* **PROVIDED INFORMATION**:
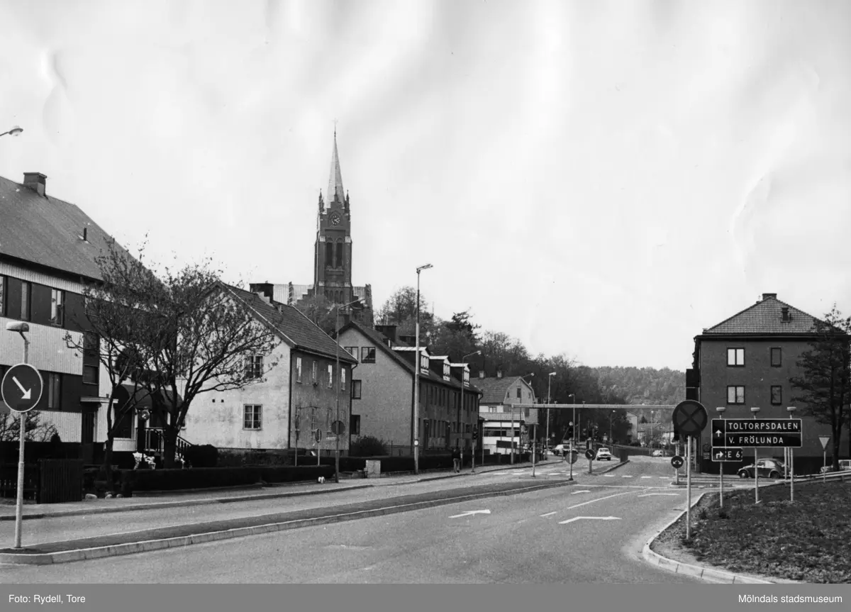 Bebyggelse längs Storgatan i Mölndal i riktning mot norr. I bakgrunden ses Fässbergs kyrka.
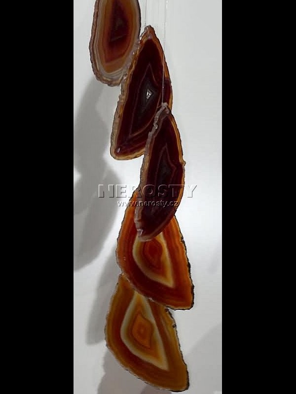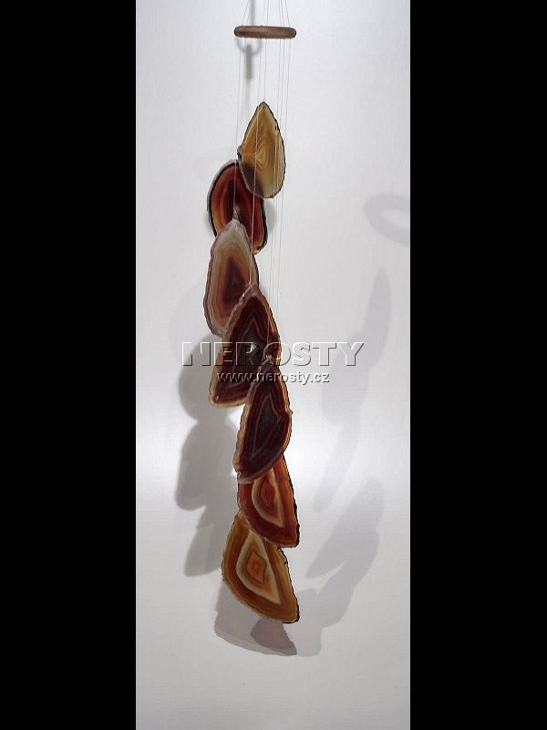 Zvonkohra z přibarvených achátových plátků.Zvonkohra je vyrobena z přibarvovaných, původně šedých až béžových, achátových plátků. Vzhledem k tomu, že jejich pestré barvy na slunci blednou, nedoporučujeme její zavěšení na osluněné místo.
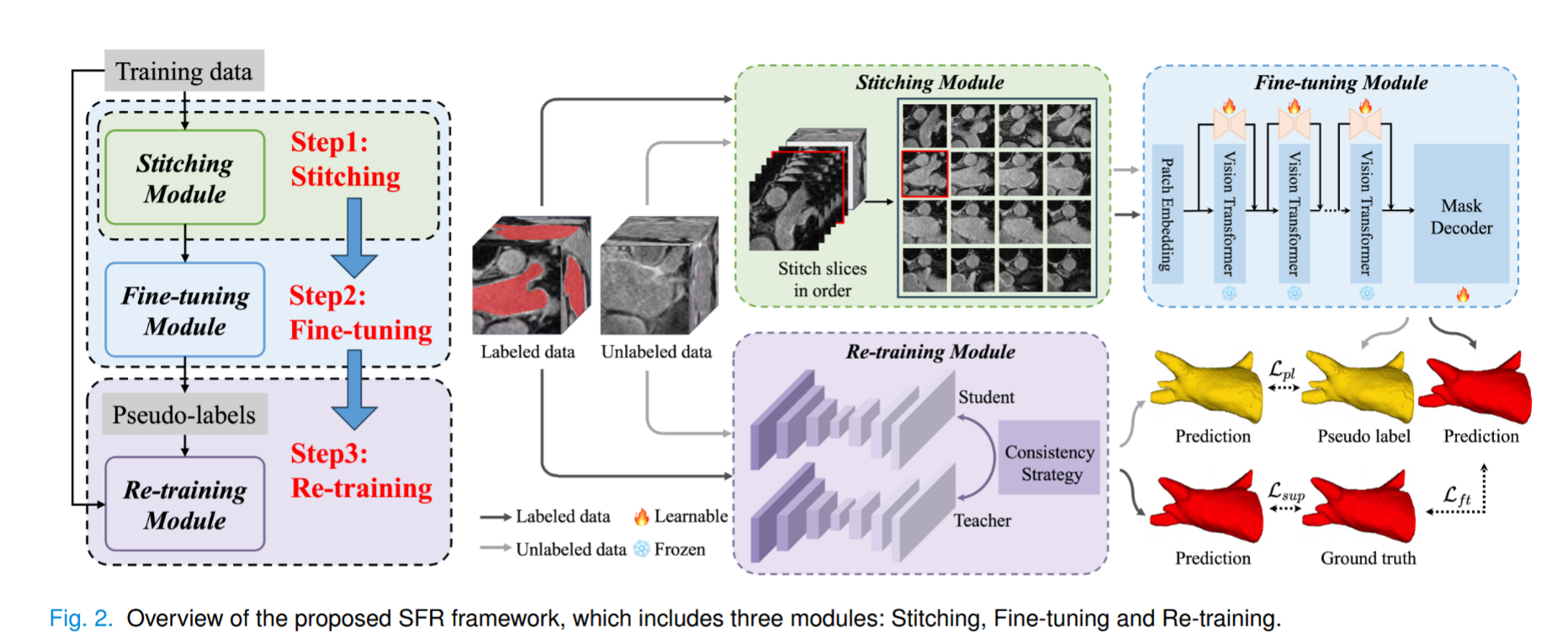 如图 2 所示,构建的 SFR 框架由以下三个模块组成:拼接模块、微调模块和再训练模块。拼接模块可减少自然图像与三维医学图像之间的不匹配 。拼接后的图像被输入到 SAM 中进行微调,并为半监督模块提供初始伪标签。然后,训练三维半监督分割模型。此外,还提出了 SFR+,通过置信度估计有选择地进行微调和再训练,从而增强了所提框架。
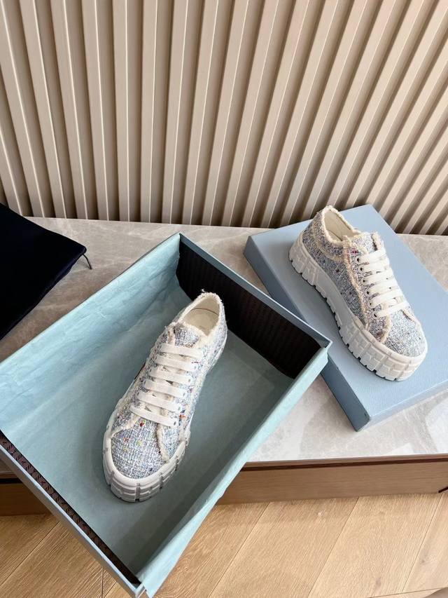 普拉达Prada秋冬新款,顶级版本。设计感很强的乞丐风帆布鞋。鞋面水洗帆布,组合Tpu耐磨大底中间夹层是软Eva,整体脚感舒适不会生硬。经典款,复古艺术感附体, 款式百搭时尚,材质,面料水洗帆布,内里羊皮,原版金属三角扣,码数34至41
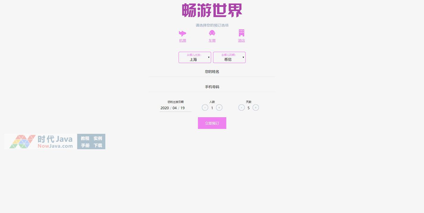 机票车票酒店预订表单网页特效,可以选择不同的预订类型,选择不同的城市,输入姓名和手机号,打开日历点选出发日期,设置人数和天数后提交表单。

* **TASK BRIEF**:
Print the lines from the line containing "Zvonkohra z přibarvených" through the last line of the listing, exactly as they stand, and leave any pictures out.

* **EXERCISE ANSWER**:
 Zvonkohra z přibarvených achátových plátků.Zvonkohra je vyrobena z přibarvovaných, původně šedých až béžových, achátových plátků. Vzhledem k tomu, že jejich pestré barvy na slunci blednou, nedoporučujeme její zavěšení na osluněné místo.
 如图 2 所示,构建的 SFR 框架由以下三个模块组成:拼接模块、微调模块和再训练模块。拼接模块可减少自然图像与三维医学图像之间的不匹配 。拼接后的图像被输入到 SAM 中进行微调,并为半监督模块提供初始伪标签。然后,训练三维半监督分割模型。此外,还提出了 SFR+,通过置信度估计有选择地进行微调和再训练,从而增强了所提框架。
 普拉达Prada秋冬新款,顶级版本。设计感很强的乞丐风帆布鞋。鞋面水洗帆布,组合Tpu耐磨大底中间夹层是软Eva,整体脚感舒适不会生硬。经典款,复古艺术感附体, 款式百搭时尚,材质,面料水洗帆布,内里羊皮,原版金属三角扣,码数34至41
 机票车票酒店预订表单网页特效,可以选择不同的预订类型,选择不同的城市,输入姓名和手机号,打开日历点选出发日期,设置人数和天数后提交表单。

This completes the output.